La Ville de Saint-Colomban a déployé par exemple la redevance au développement. Celle-ci vise à partager les coûts générés par la croissance immobilière. Le règlement concerne toute nouvelle construction de maison ainsi que les unités de logement se situant à l’extérieur du périmètre urbain, apprenait-on dans le journal Le Nord en 2021. Cette contribution était d’environ 6 000 $ en 2021.
« Dans les nouveaux pouvoirs octroyés aux municipalités par le projet de loi 122, il y en a pour tous les goûts. Pour Saint-Colomban, par sa croissance et sa situation géographique, c’est facile d’appliquer la redevance au développement puisqu’on sait que cela aura un impact minime sur l’offre et la demande », rapporte Xavier-Antoine Lalande, maire de Saint-Colomban et préfet de la MRC de La Rivière-du-Nord.

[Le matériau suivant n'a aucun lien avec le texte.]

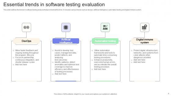 This slide outlines the trends in software testing analysis that prominent at this time. It includes various trends such as devops, artificial intelligence, automation testing and digital immune system. Showcasing this set of slides titled Essential Trends In Software Testing Evaluation Ppt Show Design Ideas Pdf. The topics addressed in these templates are Devops, Artificial Intelligence, Automation Testing. All the content presented in this PPT design is completely editable. Download it and make adjustments in color, background, font etc. as per your unique business setting. This slide outlines the trends in software testing analysis that prominent at this time. It includes various trends such as devops,artificial intelligence,automation testing and digital immune system.
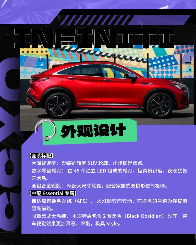 有这么一台车,它生来就是为了打破平庸。它拥有轿跑 SUV 的绝美大溜背,自带“有型有味”的奢华气场。最重要的是,本月惊现史低好价——让你用最低的门槛,直接跳级进阶英菲尼迪的精致生活,让开车的你,从车流中脱颖而出。

À Saint-Adolphe-d’Howard, on a introduit une taxe commerciale cette année. Celle-ci permet de diversifier les revenus. Ce n’est pas le cas à Sainte-Anne-des-Lacs qui a seulement une taxe résidentielle. « Les plus petites municipalités ont moins de variété dans leurs revenus », soutient Mme Hamé Mulcair.
Environnement
Avec les changements climatiques, l’écofiscalité est de plus en plus populaire auprès des villes. Cet outil permet à la fois d’avoir de nouveaux revenus et d’encourager les bons comportements. Par exemple, la Ville de Prévost a adopté un règlement qui impose une redevance lors de l’achat d’un produit de plastique à usage unique, comme les bouteilles d’eau, les verres ou les assiettes. L’argent récolté grâce à la redevance va dans un fonds spécial qui servira à financer des initiatives vertes.
« Les municipalités ont différents outils à leur portée, mais elles n’ont pas autant de pouvoir de taxation que les gouvernements provincial et fédéral. Puis, elles dépendent beaucoup plus qu’ailleurs dans le monde des taxes foncières », rapporte M. Lemieux. « À l’UMQ, on travaille à faire connaitre ces outils en offrant des formations par exemple. »
Il reste que les options sont limitées pour les municipalités au Québec quant à leurs revenus. Il faudrait que Québec change les règles. « Les négociations du prochain pacte fiscal auront lieu l’année prochaine. On va encore essayer de proposer des avenues pour diversifier davantage les revenus des municipalités pour leur permettre de remplir leurs responsabilités. On veut s’assurer de l’équité entre les ressources et les responsabilités », soutient M. Lemieux.